**WHAT THE EXERCISE ASKS:** Write out the lines below once more, exactly as they appear. Do not include pictures.

[Opening INFORMATION SHOWN section]

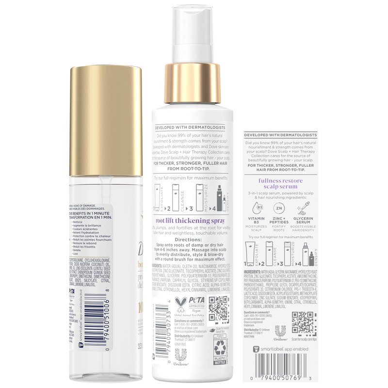 Dove Scalp+ Hair Therapy Root Lift: Get fuller-looking hair with Dove’s Root Lift spray, infused with Vitamin B3 and Zinc. This sulfate-free formula provides an instant boost of volume right from the roots. Dermatologist-formulated, the nourishing formula soothes and comforts a dry scalp.
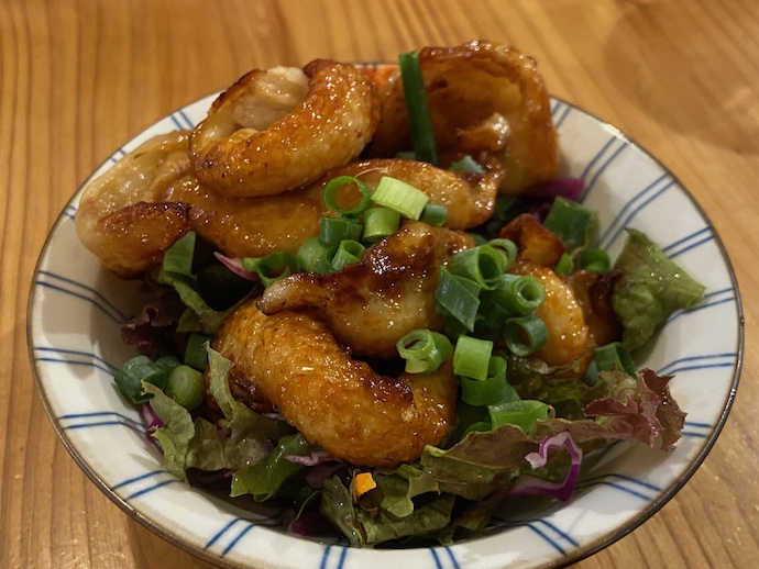 九州ではよく見かける甘酢の鶏皮を注文したら、なんとびっくりするボリュームで登場した。お江戸の居酒屋もこれを見習って欲しいものだ。お江戸スタイルを想像して注文したのだが、これだけで腹が膨れそうな勢いだった。
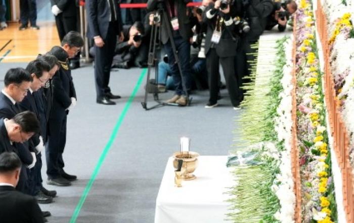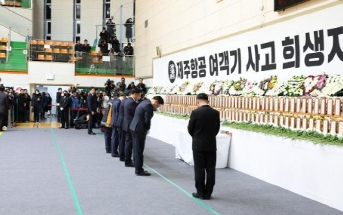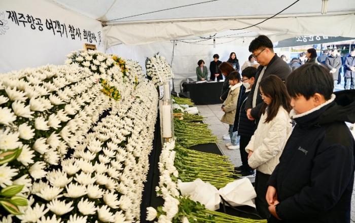 중앙재난안전대책본부는 제주항공 여객기 사고 희생자에 대한 국민적 애도와 추모를 위해 전국 17개 시·도 및 66개 시·군·구에 합동분향소를 설치·운영한다고 밝혔다.행정안전부장관 직무대행 고기동 차관이 30일 오후 전남 무안종합 스포츠파크에 마련된 제주항공 여객기 사고
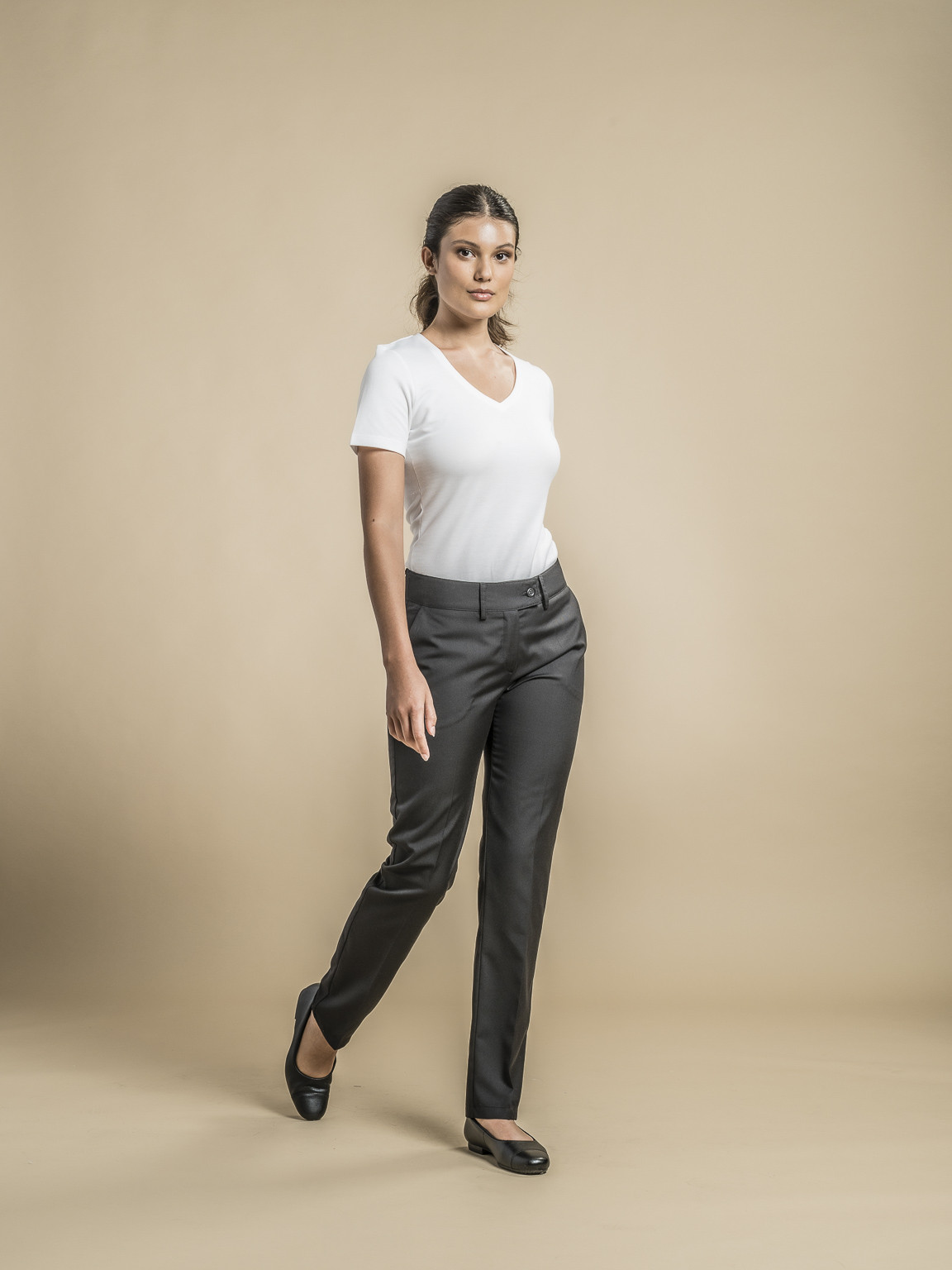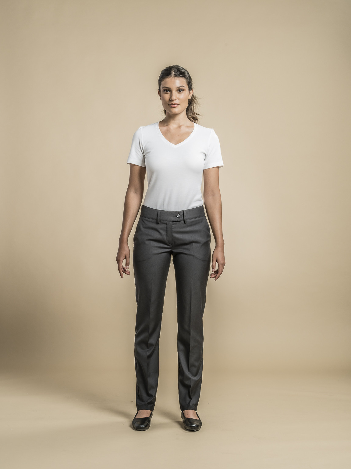 Pantalon femme coupe fittée avec ceinture à passants et crochet.

[Closing INFORMATION SHOWN section]

**TASK SOLUTION:**
 Dove Scalp+ Hair Therapy Root Lift: Get fuller-looking hair with Dove’s Root Lift spray, infused with Vitamin B3 and Zinc. This sulfate-free formula provides an instant boost of volume right from the roots. Dermatologist-formulated, the nourishing formula soothes and comforts a dry scalp.
 九州ではよく見かける甘酢の鶏皮を注文したら、なんとびっくりするボリュームで登場した。お江戸の居酒屋もこれを見習って欲しいものだ。お江戸スタイルを想像して注文したのだが、これだけで腹が膨れそうな勢いだった。
 중앙재난안전대책본부는 제주항공 여객기 사고 희생자에 대한 국민적 애도와 추모를 위해 전국 17개 시·도 및 66개 시·군·구에 합동분향소를 설치·운영한다고 밝혔다.행정안전부장관 직무대행 고기동 차관이 30일 오후 전남 무안종합 스포츠파크에 마련된 제주항공 여객기 사고
 Pantalon femme coupe fittée avec ceinture à passants et crochet.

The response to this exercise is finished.